This README is just a quick overview of the Skream project.
Skream is a high-performance time-series library with memory-footprint guarantees. The name is short for "online SKetching and stREAMing," and is pronounced like "scream" in English. For scalability, Skream is written in Clojure and has zero side-effects. The library includes a simple RESTful web-service for clients.
Skream views a time-series as a simple sequence of numbers. These numbers are read sequentially and in order, with minimal state maintained. These sequences can be sensor readings from an Internet -of- things project, or stock prices in an HFT strategy.
What queries does a Skream currently support?
- Basic summary statistics (count, minimum, maximum, sum, mean / average)
- Variance & standard deviation
- Skewness & kurtosis
- Arbitrary higher-order moments (standardized & unstandardized)
- Range counts
- Gaussian range counts (e.g. count of elements within 0.42 standard deviations)
- Histograms (evenly-spaced & Gaussian bins)
- Exponential moving average
- Simple moving average
- Approximate membership (via Bloom filters)
- Approximate individual element counts (via Count-Min sketches)
- Distinct element count (via HyperLogLog sketches)
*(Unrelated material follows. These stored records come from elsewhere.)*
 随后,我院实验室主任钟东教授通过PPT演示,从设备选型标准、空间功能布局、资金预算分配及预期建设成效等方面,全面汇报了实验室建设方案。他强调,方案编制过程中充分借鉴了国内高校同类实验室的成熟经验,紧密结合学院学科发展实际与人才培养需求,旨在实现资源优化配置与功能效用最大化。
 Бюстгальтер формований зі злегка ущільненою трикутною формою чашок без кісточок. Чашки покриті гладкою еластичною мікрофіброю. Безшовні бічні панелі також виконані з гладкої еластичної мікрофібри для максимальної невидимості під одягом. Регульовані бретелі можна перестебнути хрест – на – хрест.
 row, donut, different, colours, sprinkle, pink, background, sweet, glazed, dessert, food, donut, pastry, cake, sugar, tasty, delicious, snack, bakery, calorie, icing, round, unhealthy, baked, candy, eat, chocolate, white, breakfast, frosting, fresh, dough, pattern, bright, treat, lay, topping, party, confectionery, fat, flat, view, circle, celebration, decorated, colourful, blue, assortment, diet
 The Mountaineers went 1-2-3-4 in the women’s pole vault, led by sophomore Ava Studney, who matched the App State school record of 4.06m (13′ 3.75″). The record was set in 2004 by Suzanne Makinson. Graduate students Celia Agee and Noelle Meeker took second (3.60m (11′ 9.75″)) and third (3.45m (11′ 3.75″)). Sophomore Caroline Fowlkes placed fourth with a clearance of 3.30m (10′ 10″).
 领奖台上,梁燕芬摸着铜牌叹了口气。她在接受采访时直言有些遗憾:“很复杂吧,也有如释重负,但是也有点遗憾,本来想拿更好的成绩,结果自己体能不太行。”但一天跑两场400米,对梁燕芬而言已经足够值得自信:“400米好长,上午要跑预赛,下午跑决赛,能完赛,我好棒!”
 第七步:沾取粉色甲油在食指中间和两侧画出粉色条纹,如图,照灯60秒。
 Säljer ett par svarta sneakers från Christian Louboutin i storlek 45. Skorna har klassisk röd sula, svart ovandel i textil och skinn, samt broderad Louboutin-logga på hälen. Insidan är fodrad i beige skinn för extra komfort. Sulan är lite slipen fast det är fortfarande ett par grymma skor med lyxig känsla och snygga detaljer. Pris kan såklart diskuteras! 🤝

- Approximate median (via P2 algorithm)
- Approximate arbitrary quantiles (e.g. 25% "median")
- Approximate mutual information between two Skreams (via histograms)
All of these queries are supported with a fixed memory footprint, new numbers added sequentially or in an online sense. The exception is simple moving average queries, which require a window of recent numbers maintained as state.
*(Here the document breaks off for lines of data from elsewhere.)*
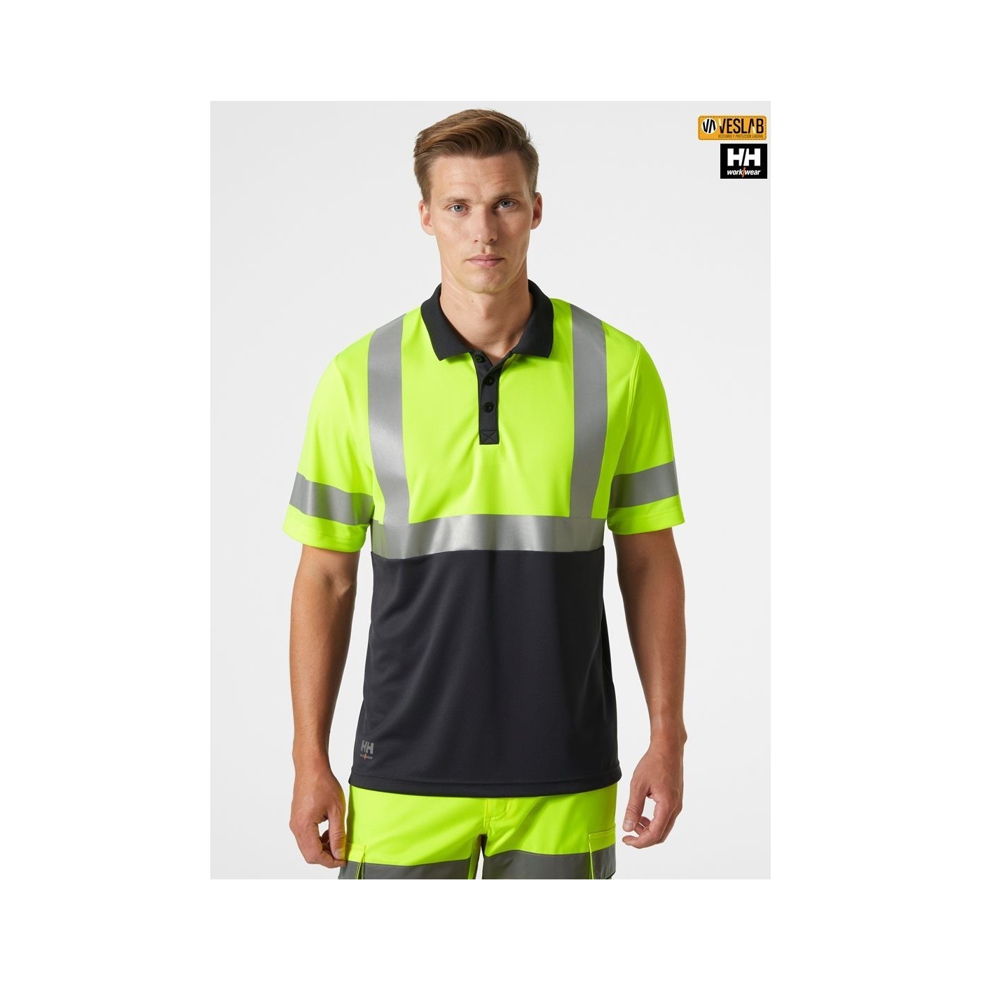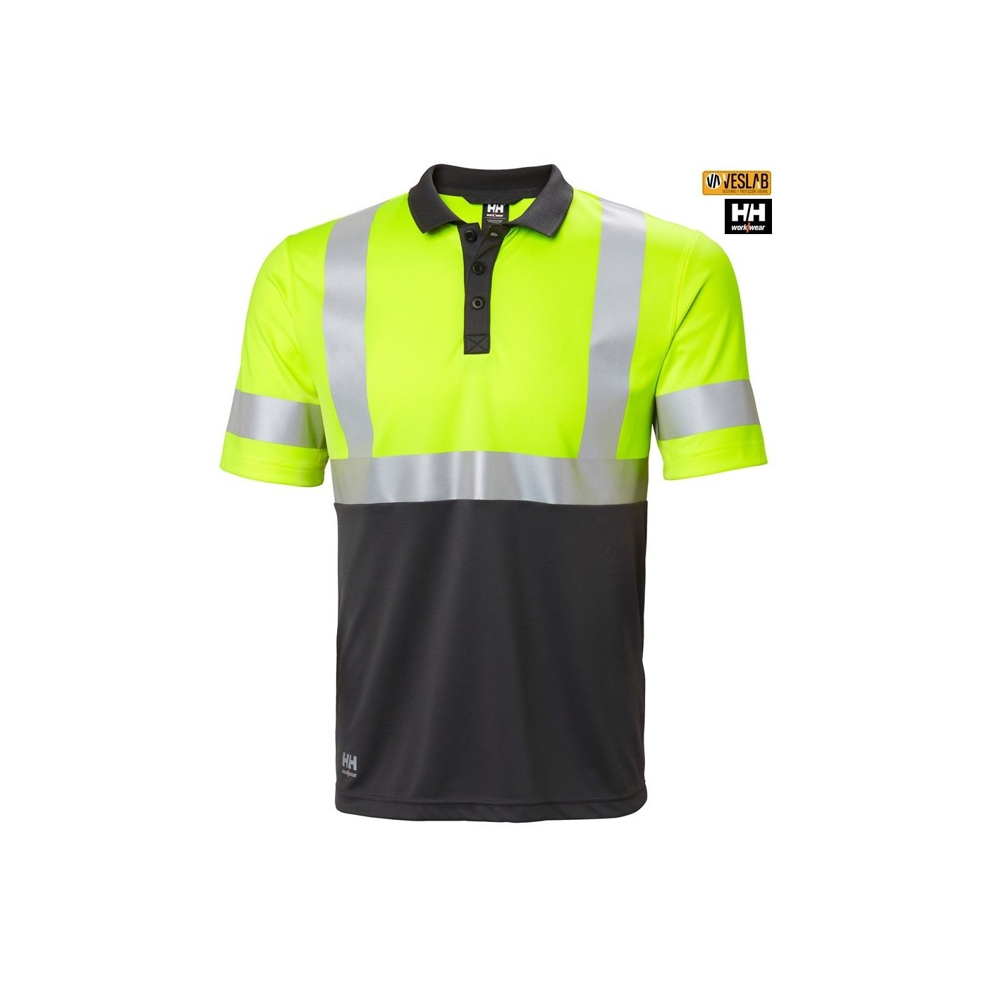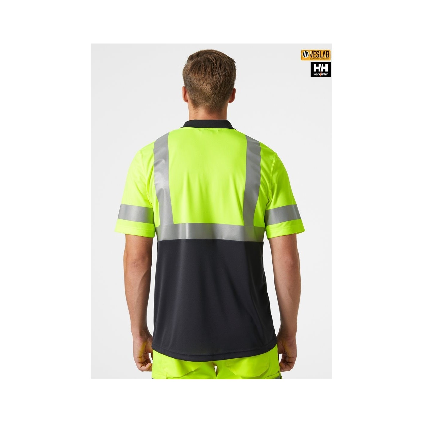 Helly Hansen Workwear high visibility polo shirt in fluorescent yellow, orange and red.
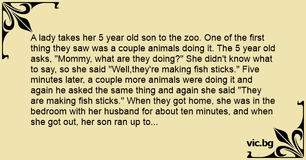 A lady takes her 5 year old son to the zoo. One of the first thing they saw was a couple animals doing it. The 5 year old asks, "Mommy, what are they doing?" She didn't know what to say, so she said "Well,they're making fish sticks." Five minutes later, a couple more animals were doing it and again he asked the same thing and again she said "They are making fish sticks." When they got home, she was in the bedroom with her husband for about ten minutes, and when she got out, her son ran up to her and asked "Mommy, were you in the bedroom making fish sticks with Daddy?" She said,
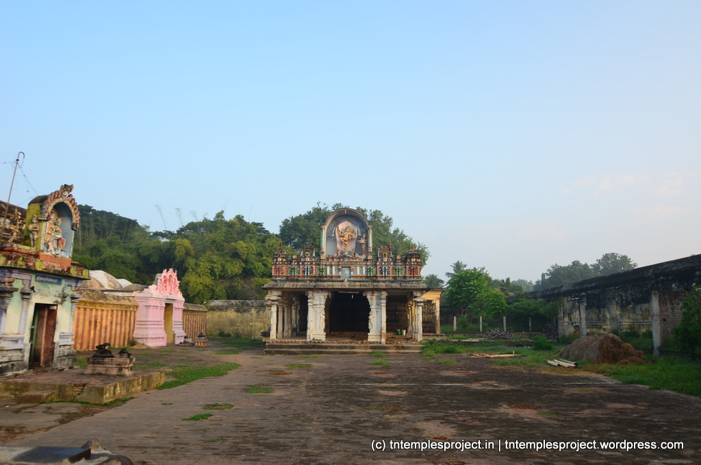 நந்தி மண்டபம், அதைத் தொடர்ந்து தீர்த்தம், அதற்கு அப்பால் உள்ள கோயில்
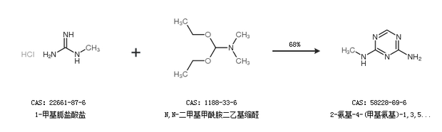 1.通过1-甲基胍盐酸盐和N,N-二甲基甲酰胺二乙基缩醛合成2-氨基-4-(甲基氨基)-1,3,5-三嗪,收率约68%;

Skream is released under the Eclipse Public License, so you can easily incorporate the library into your commercial or non-commercial projects.
0.1 Alpha
Skream is a Leiningen Clojure project with decent automated test coverage. The main data-structure are simple Clojure maps with sequential updates handled by functions in map metadata.
Everything is done without side-effects, in-memory, and with only the minimal amount of state. This provides fundamental scalability across large time-series. Side-effect-less updates are done in parallel, utilizing every core (CPU) on the server.